The 1873 United States Senate election in Wisconsin was held in the 26th Wisconsin Legislature on January 22, 1873. Incumbent Republican U.S. senator Timothy O. Howe was re-elected on the first ballot, becoming the first three-term U.S. senator from Wisconsin.

At the start of the 1873 term, Republicans held majorities in both chambers of the Wisconsin Legislature, and were easily able to re-elect their incumbent U.S. senator.

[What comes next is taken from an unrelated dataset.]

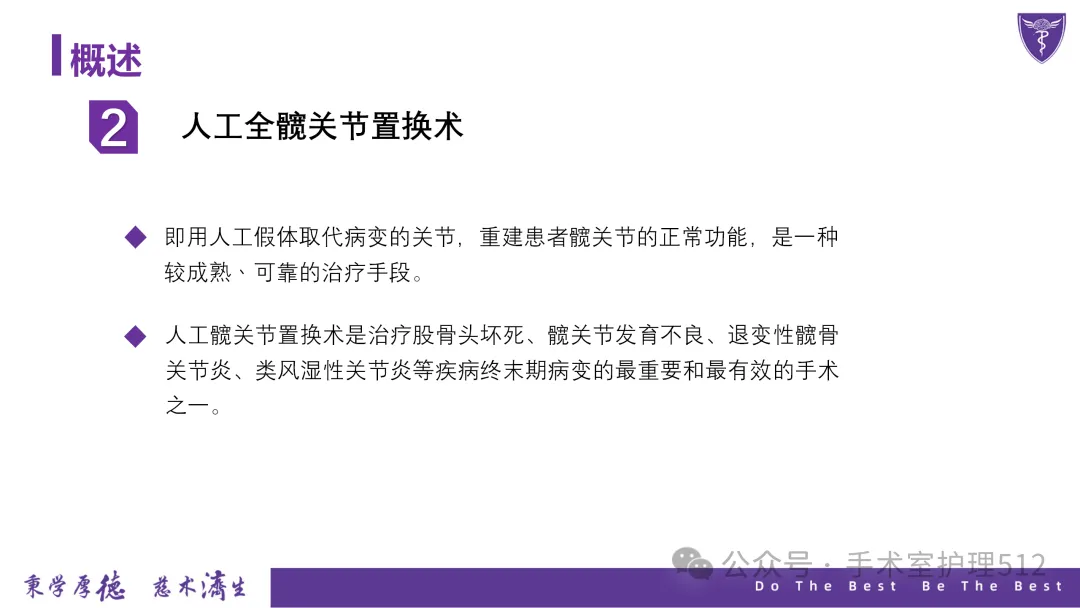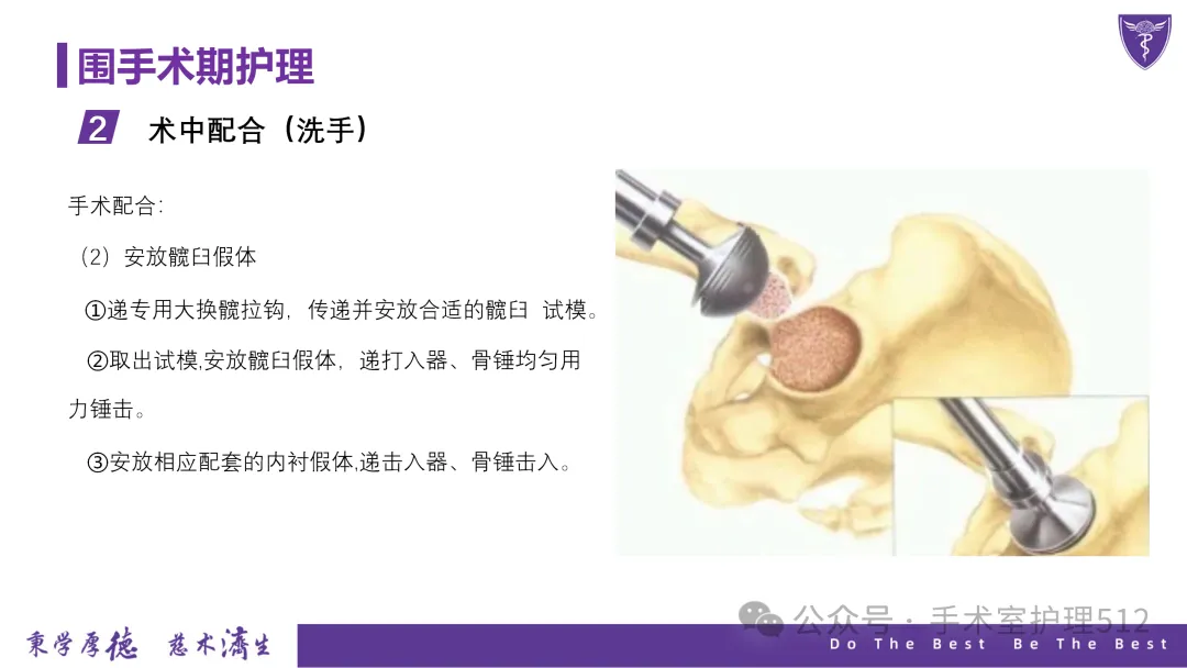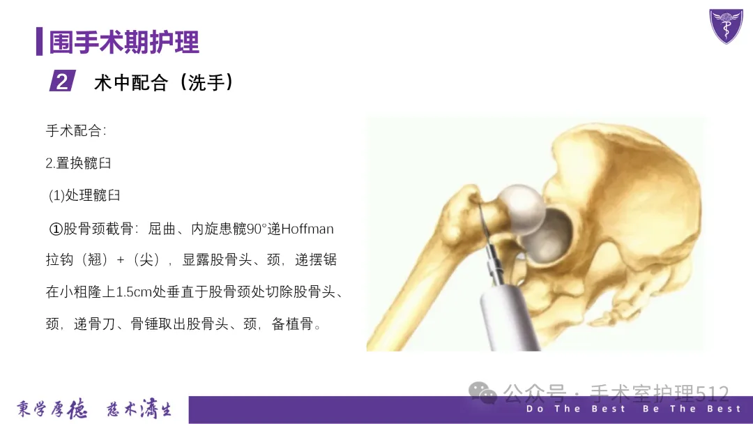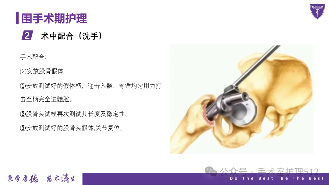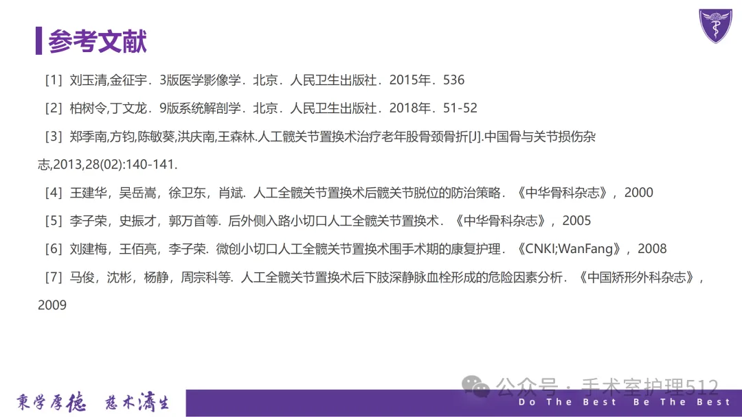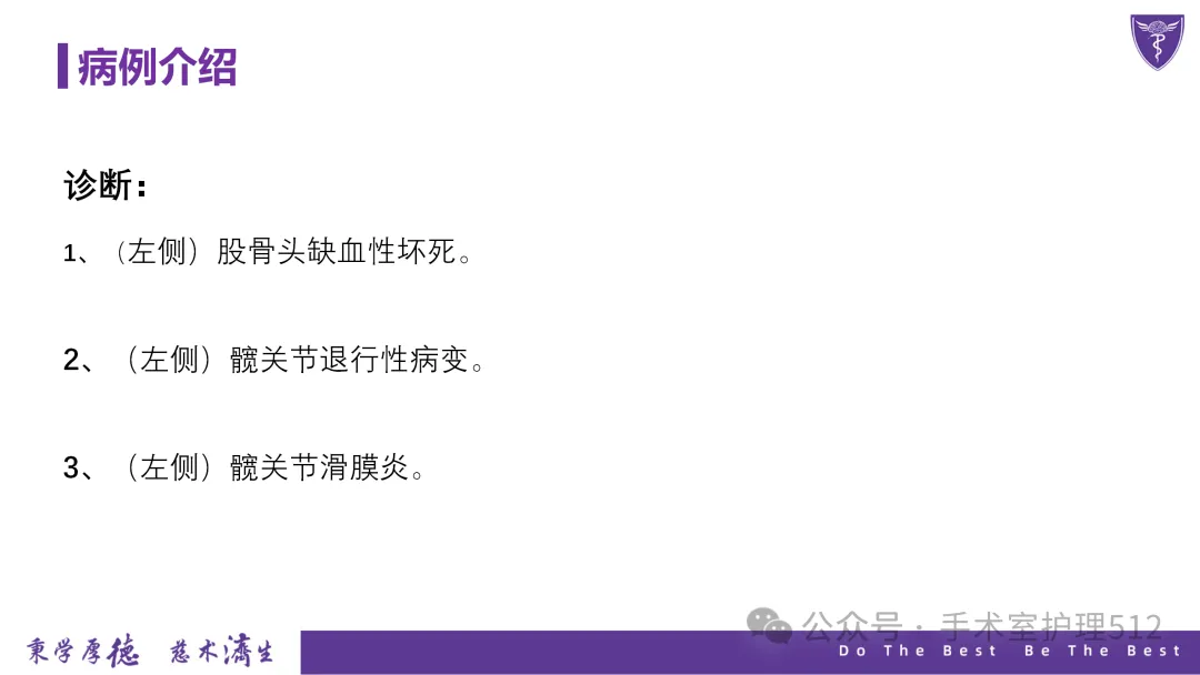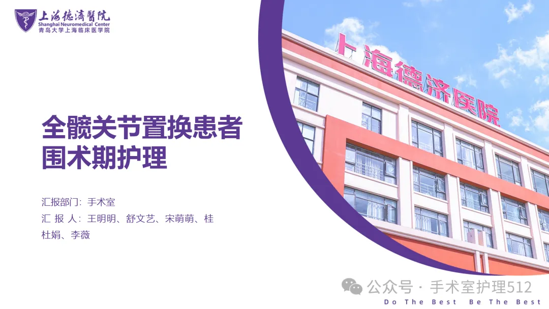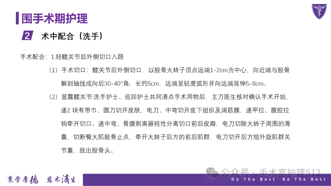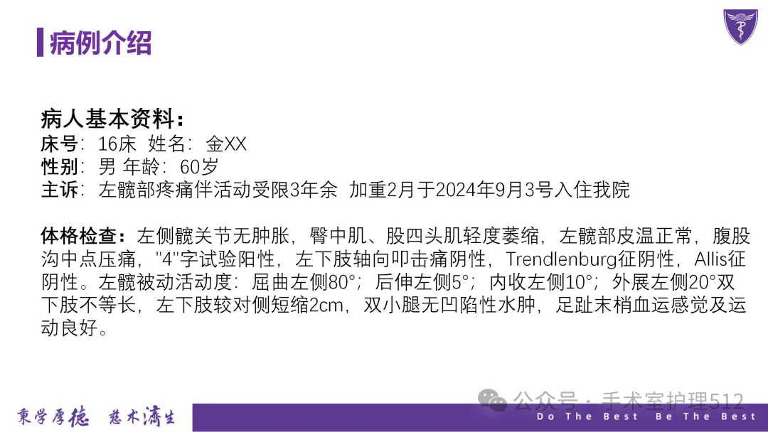 该PPT具体描述了全髋关节置换患者的围术期护理,以我院的一例具体病例介绍,围绕髋关节患者的术前护理、术中手术配合、术后护理以及康复锻炼、并发症的预防等展开介绍,尤其侧重介绍手术室工作内容,髋关节置换术的手术配合,从术前物品准备、术中巡回护士、洗手护士的配合工作,以及术后的护理重点分类做了详细介绍。此类PPT也有助于手术室的临床教学工作,帮助新入职员工在入职初期学习掌握专科知识。

His re-election was considered a foregone conclusion in newspapers, and there does not appear to have been any other candidates for the Republican nomination.

==Major candidates==
===Democratic===
- Henry L. Palmer, incumbent state representative, former speaker and former state senator from Milwaukee.

===Republican===
- Timothy O. Howe, incumbent U.S. senator, former Wisconsin circuit court judge from Green Bay.

==Results==
The 26th Wisconsin Legislature met in joint session on January 22, 1873, to elect a U.S. senator. The voting was almost entirely along party lines, with five Democrats absent. Of the 128 in attendance, Timothy O. Howe received the votes of all but one of the Republican legislators, winning the election.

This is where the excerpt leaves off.